I’ve run IR, FP&A, and field operations during my time here. I spent three years as our chief communications officer, overseeing all elements of our communications strategy and program, from public relations to analyst relations to community relations to internal communications. I spent a brief stint of less than a year as our chief marketing officer while we were recruiting to fill the role permanently. While unconventional, I would not have traded these opportunities for anything. 

The communications work helped me hone my storytelling and learn to influence through communication. I think it helps me today to better communicate with our shareholders, and marketing reinforced my desire to be a customer-focused, customer-centric leader. This is something that I’ve tried to extend into how I manage our finance teams. All of my experiences have allowed me to have a much greater impact on the organization, and I think have allowed me to support the organization in a CFO capacity better. I’ve been in my current role for about a year and a half. 

It’s by the way. Thanks a lot. You took my next three questions. I was interested in your point about having an unconventional career path. I love the fact that you were the first one to bring up a sports metaphor of a utility player because I often get criticized— I cannot go three minutes without making a Boston sports reference. You beat me to the sports thing. I was curious because we’ve probably had about 40 or 50 guests, and you’re the first person who ever came from a marketing role. I know it wasn’t your career thing, but you did it for nearly a year if I remember correctly. I’m guessing it was meant to be several weeks and ended up being months or something. 

That’s exactly right. 

I am curious. You touched on this a little bit, but how did something like that make you a better financial person? Do you think having better interaction with the product, the customers and the sales team is a good thing for a CFO to expose himself or herself to? 

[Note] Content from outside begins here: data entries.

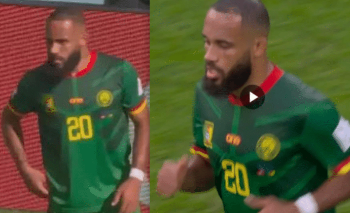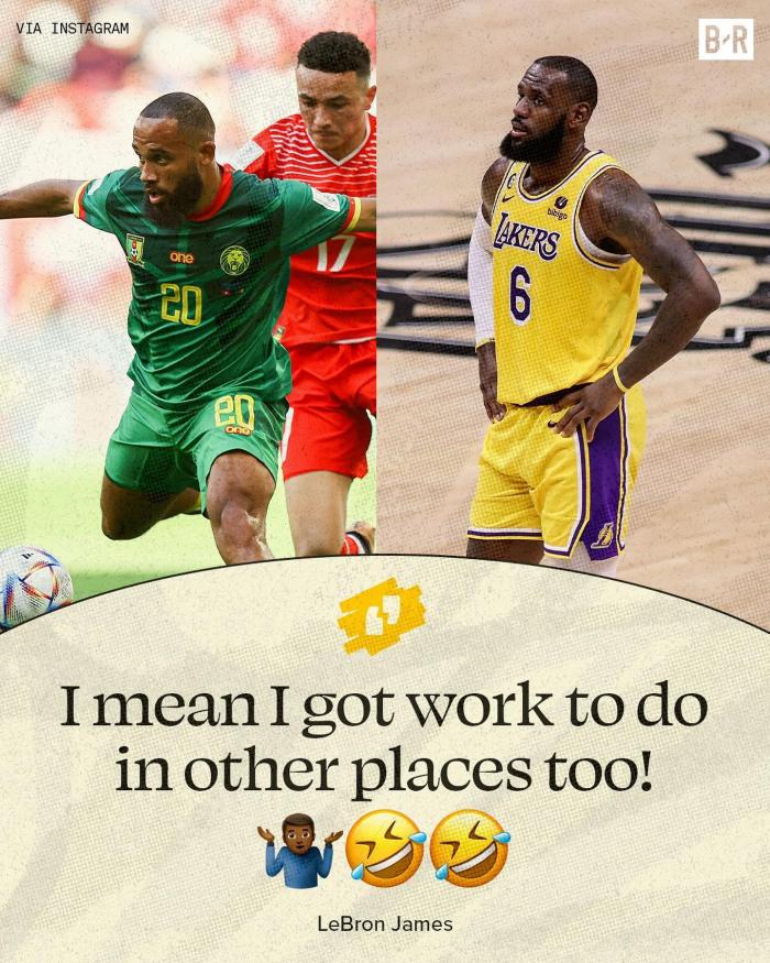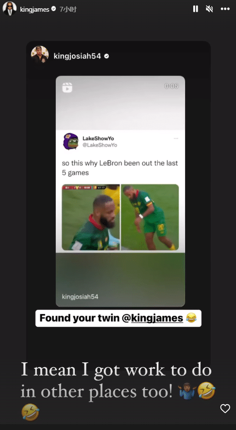 湖人自媒体晒出喀麦隆20号球员姆贝乌莫参加世界杯的赛场照,并且配文写道:这就是勒布朗缺席最近5场比赛的原因,找到了你的双胞胎兄弟。
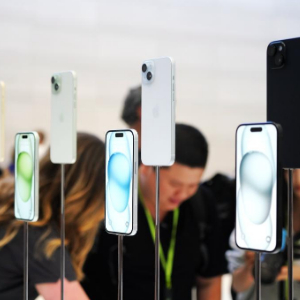 2023年9月12日,在美国加利福尼亚州丘珀蒂诺市举行的苹果新品发布会后,人们体验新品。 新华社记者 吴晓凌 摄
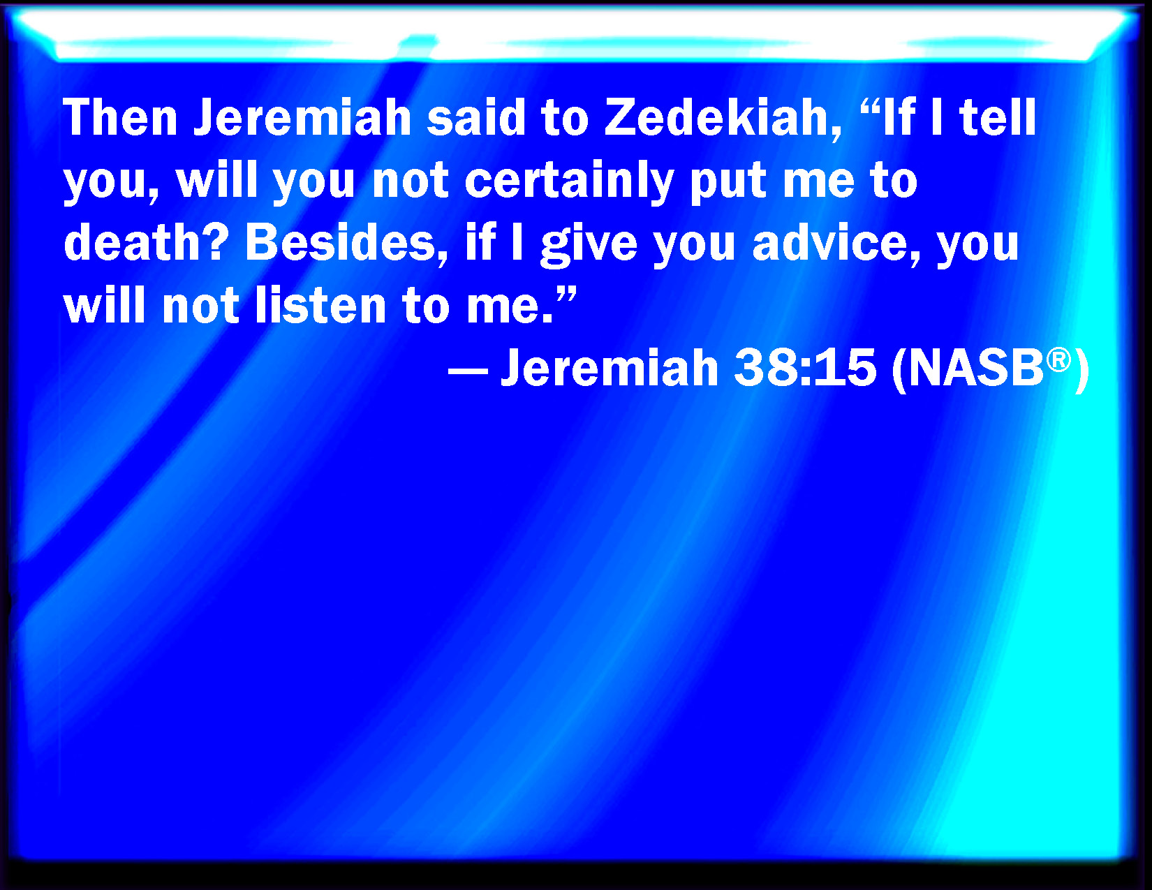 Bible Verse Slide Jeremiah 38:15 Then Jeremiah said to Zedekiah, If I declare it to you, will you not surely put me to death? and if I give you counsel, will you not listen to me? KJV: Then Jeremiah said unto Zedekiah, If I declare it unto thee, wilt thou not surely put me to death? and if I give thee counsel, wilt thou not hearken unto me? DRB: Then Jeremias said to Sedecias: If I shall declare it to thee, wilt thou not put me to death? and if I give thee counsel, thou wilt not hearken to me. DBT: And Jeremiah said unto Zedekiah, If I declare it unto thee, wilt thou not certainly put me to death? and if I give thee counsel, thou wilt not hearken unto me. ERV: Then Jeremiah said unto Zedekiah, If I declare it unto thee, wilt thou not surely put me to death? and if I give thee counsel, thou wilt not hearken unto me. WBT: Then Jeremiah said to Zedekiah, If I declare it to thee, wilt thou not surely put me to death? and if I give thee counsel, wilt thou not hearken to me? WEB: Then Jeremiah said to Zedekiah, If I declare it to you, will you not surely put me to death? and if I give you counsel, you will not listen to me. YLT: And Jeremiah saith unto Zedekiah, 'When I declare to thee, dost thou not surely put me to death? and when I counsel thee, thou dost not hearken unto me.'Links Jeremiah 38:15 NIV • Jeremiah 38:15 NLT • Jeremiah 38:15 ESV • Jeremiah 38:15 NASB • Jeremiah 38:15 KJV • Jeremiah 38:15 Interlinear • Jeremiah 38:15 Commentaries • Jeremiah 38:15 Parallel Texts • Jeremiah 38:15 Bible Apps • Jeremiah 38:15 Parallel • Bible Hub |
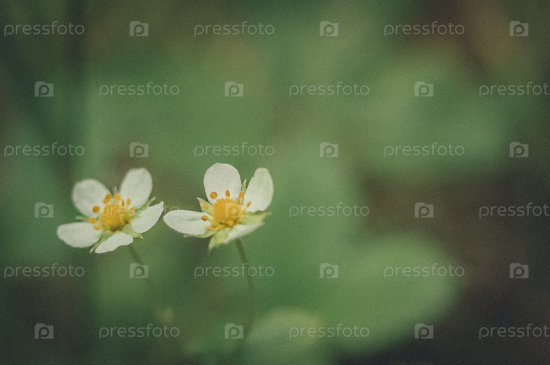 Крупный план пары цветков лесной земляники. Зернистость пленки в стиле старой фотографии. Селективный фокус, зернистость пленки
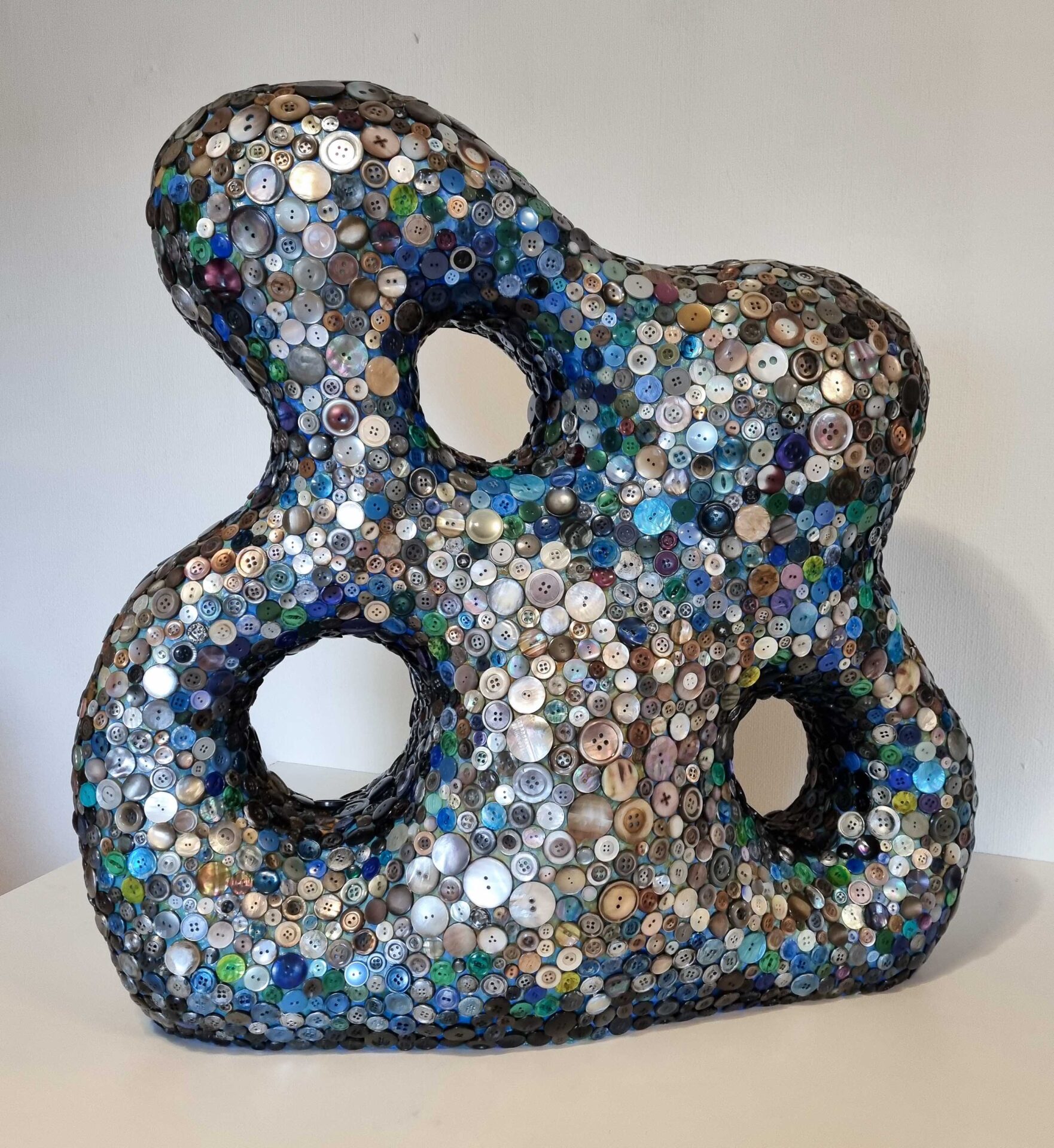 Vattenande, 2025 Play Pause Unmute Mute Skulptur ”Vattenande”, blandteknik med knappar 2025. Cirka 85 cm hög. Foto: Tor Cederman.
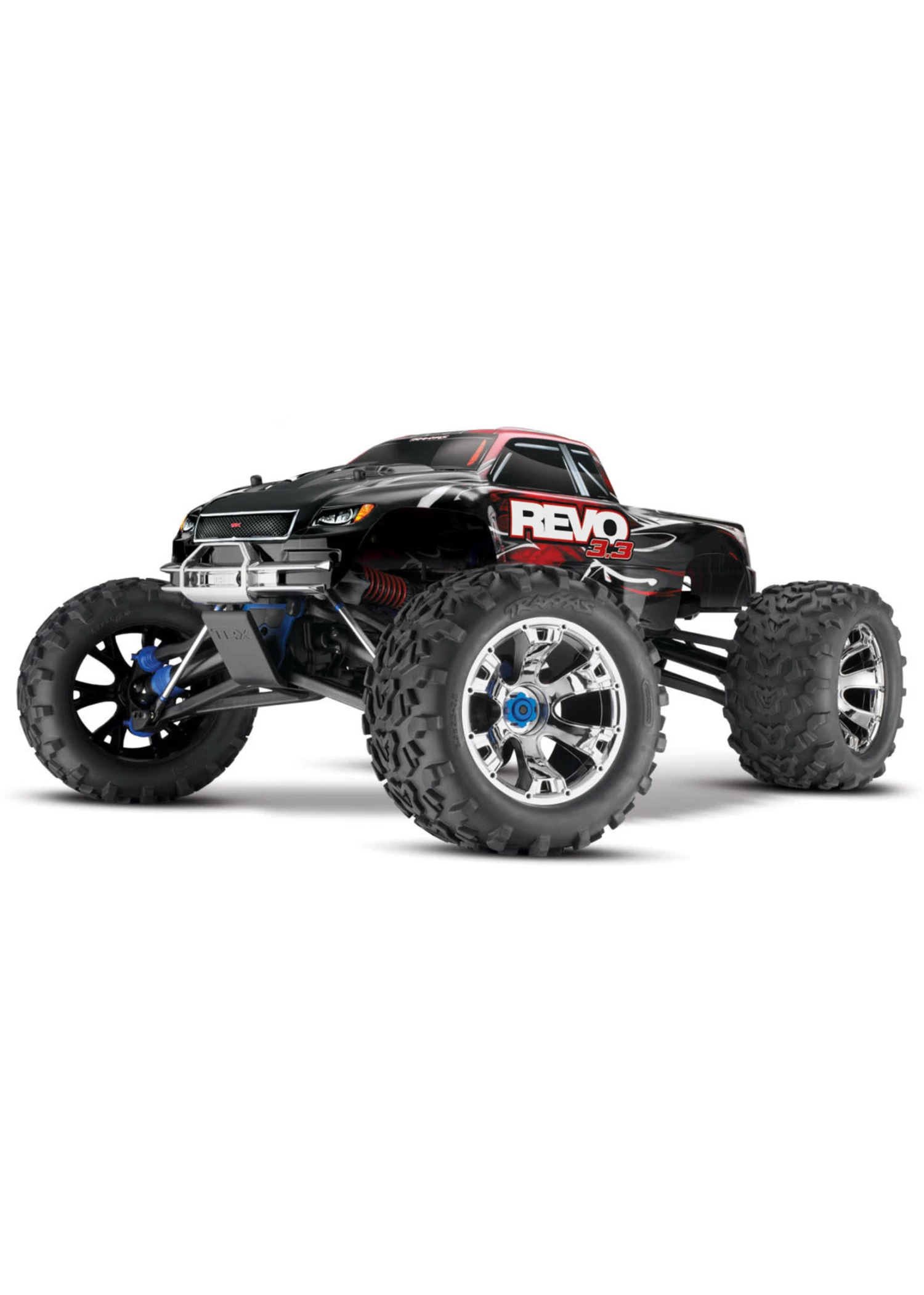 Revo’s specifications are more than just an impressive list of features. They are each specifically engineered and integrated into the model to provide capability, convenience, and most importantly, fun! Revo 3.3’s heavy-duty reversing transmission lets you easily back out of tight spots with the flick of a switch, while the OptiDrive®Electronic Transmission Control guarantees safe, smooth engagement. The Traxxas TQi 2.4GHz radio system features the exclusive Traxxas Link wireless Module with factory-installed telemetry sensors, a revolutionary concept that harnesses the power of your Android, Apple iPad, iPhone or iPod touch to create the ultimate radio system. Geodeâ„¢ chrome wheels with 17 mm hex hubs wear massive 6.3″ Maxx®-sized tires for big ground clearance and total traction in all conditions. Revo 3.3’s dual-digital servo steering system delivers 250 oz.-in of torque for powerful, responsive handling, plus they’re waterproof for ultimate reliability.

A CFO must expose themselves to that. For me, I’ve always been somebody who has a customer-centric approach. I think this is something that, in a marketing seat, I had to spend a lot of time on. Having run IR, the product, in great detail, you understand the customer challenges it solves. In a marketing role, you have to put yourself in the mind of your customers. 

That experience was invaluable to me. I think it has shaped how, sitting here, finance can influence some of the go-to-market motions that support customer retention or sales compensation. How we motivate our sellers influences our ability better to service our sellers through our services and support functions. I picked up many things in that marketing seat, and the communications role has been quite transferable to what I do now. 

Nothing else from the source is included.